» **Task**
Each record beneath this line is to be copied exactly.

» **Stored data entries**
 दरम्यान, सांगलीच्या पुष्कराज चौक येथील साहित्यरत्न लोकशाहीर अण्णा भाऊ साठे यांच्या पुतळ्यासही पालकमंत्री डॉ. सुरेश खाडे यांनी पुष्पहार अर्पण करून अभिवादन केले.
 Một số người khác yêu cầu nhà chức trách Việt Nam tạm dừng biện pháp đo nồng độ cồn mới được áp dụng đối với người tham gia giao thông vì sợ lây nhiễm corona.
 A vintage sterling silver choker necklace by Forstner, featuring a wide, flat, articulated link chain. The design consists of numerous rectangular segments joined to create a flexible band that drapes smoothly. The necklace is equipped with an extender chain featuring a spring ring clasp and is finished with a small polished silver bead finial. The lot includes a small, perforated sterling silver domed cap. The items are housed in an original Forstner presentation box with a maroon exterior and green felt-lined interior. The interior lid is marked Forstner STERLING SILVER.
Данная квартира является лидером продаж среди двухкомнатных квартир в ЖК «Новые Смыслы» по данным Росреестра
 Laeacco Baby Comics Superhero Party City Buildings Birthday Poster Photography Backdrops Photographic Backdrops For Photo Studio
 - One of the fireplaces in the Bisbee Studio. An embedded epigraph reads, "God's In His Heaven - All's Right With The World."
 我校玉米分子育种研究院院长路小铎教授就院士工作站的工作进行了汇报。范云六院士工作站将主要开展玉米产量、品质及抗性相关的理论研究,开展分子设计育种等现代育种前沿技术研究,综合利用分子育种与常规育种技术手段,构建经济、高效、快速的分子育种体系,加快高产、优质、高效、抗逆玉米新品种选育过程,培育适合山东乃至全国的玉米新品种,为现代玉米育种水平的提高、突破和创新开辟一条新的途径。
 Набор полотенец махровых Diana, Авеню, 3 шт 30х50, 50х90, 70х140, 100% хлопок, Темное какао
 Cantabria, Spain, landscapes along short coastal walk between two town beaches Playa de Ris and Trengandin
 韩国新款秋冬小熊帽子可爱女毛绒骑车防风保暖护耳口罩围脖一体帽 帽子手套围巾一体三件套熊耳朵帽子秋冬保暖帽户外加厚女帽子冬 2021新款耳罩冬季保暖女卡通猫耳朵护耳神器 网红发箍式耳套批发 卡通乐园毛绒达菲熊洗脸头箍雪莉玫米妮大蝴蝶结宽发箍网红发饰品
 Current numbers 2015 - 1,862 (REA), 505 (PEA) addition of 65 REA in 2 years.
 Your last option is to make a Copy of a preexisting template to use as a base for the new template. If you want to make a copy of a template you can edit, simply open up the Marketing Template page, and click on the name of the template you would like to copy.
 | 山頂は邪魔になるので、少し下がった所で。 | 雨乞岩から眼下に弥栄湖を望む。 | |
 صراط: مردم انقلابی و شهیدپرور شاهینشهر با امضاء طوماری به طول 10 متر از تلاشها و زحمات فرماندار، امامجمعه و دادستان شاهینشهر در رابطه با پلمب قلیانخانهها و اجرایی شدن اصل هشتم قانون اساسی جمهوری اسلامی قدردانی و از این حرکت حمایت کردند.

» **Final answer**
 दरम्यान, सांगलीच्या पुष्कराज चौक येथील साहित्यरत्न लोकशाहीर अण्णा भाऊ साठे यांच्या पुतळ्यासही पालकमंत्री डॉ. सुरेश खाडे यांनी पुष्पहार अर्पण करून अभिवादन केले.
 Một số người khác yêu cầu nhà chức trách Việt Nam tạm dừng biện pháp đo nồng độ cồn mới được áp dụng đối với người tham gia giao thông vì sợ lây nhiễm corona.
 A vintage sterling silver choker necklace by Forstner, featuring a wide, flat, articulated link chain. The design consists of numerous rectangular segments joined to create a flexible band that drapes smoothly. The necklace is equipped with an extender chain featuring a spring ring clasp and is finished with a small polished silver bead finial. The lot includes a small, perforated sterling silver domed cap. The items are housed in an original Forstner presentation box with a maroon exterior and green felt-lined interior. The interior lid is marked Forstner STERLING SILVER.
Данная квартира является лидером продаж среди двухкомнатных квартир в ЖК «Новые Смыслы» по данным Росреестра
 Laeacco Baby Comics Superhero Party City Buildings Birthday Poster Photography Backdrops Photographic Backdrops For Photo Studio
 - One of the fireplaces in the Bisbee Studio. An embedded epigraph reads, "God's In His Heaven - All's Right With The World."
 我校玉米分子育种研究院院长路小铎教授就院士工作站的工作进行了汇报。范云六院士工作站将主要开展玉米产量、品质及抗性相关的理论研究,开展分子设计育种等现代育种前沿技术研究,综合利用分子育种与常规育种技术手段,构建经济、高效、快速的分子育种体系,加快高产、优质、高效、抗逆玉米新品种选育过程,培育适合山东乃至全国的玉米新品种,为现代玉米育种水平的提高、突破和创新开辟一条新的途径。
 Набор полотенец махровых Diana, Авеню, 3 шт 30х50, 50х90, 70х140, 100% хлопок, Темное какао
 Cantabria, Spain, landscapes along short coastal walk between two town beaches Playa de Ris and Trengandin
 韩国新款秋冬小熊帽子可爱女毛绒骑车防风保暖护耳口罩围脖一体帽 帽子手套围巾一体三件套熊耳朵帽子秋冬保暖帽户外加厚女帽子冬 2021新款耳罩冬季保暖女卡通猫耳朵护耳神器 网红发箍式耳套批发 卡通乐园毛绒达菲熊洗脸头箍雪莉玫米妮大蝴蝶结宽发箍网红发饰品
 Current numbers 2015 - 1,862 (REA), 505 (PEA) addition of 65 REA in 2 years.
 Your last option is to make a Copy of a preexisting template to use as a base for the new template. If you want to make a copy of a template you can edit, simply open up the Marketing Template page, and click on the name of the template you would like to copy.
 | 山頂は邪魔になるので、少し下がった所で。 | 雨乞岩から眼下に弥栄湖を望む。 | |
 صراط: مردم انقلابی و شهیدپرور شاهینشهر با امضاء طوماری به طول 10 متر از تلاشها و زحمات فرماندار، امامجمعه و دادستان شاهینشهر در رابطه با پلمب قلیانخانهها و اجرایی شدن اصل هشتم قانون اساسی جمهوری اسلامی قدردانی و از این حرکت حمایت کردند.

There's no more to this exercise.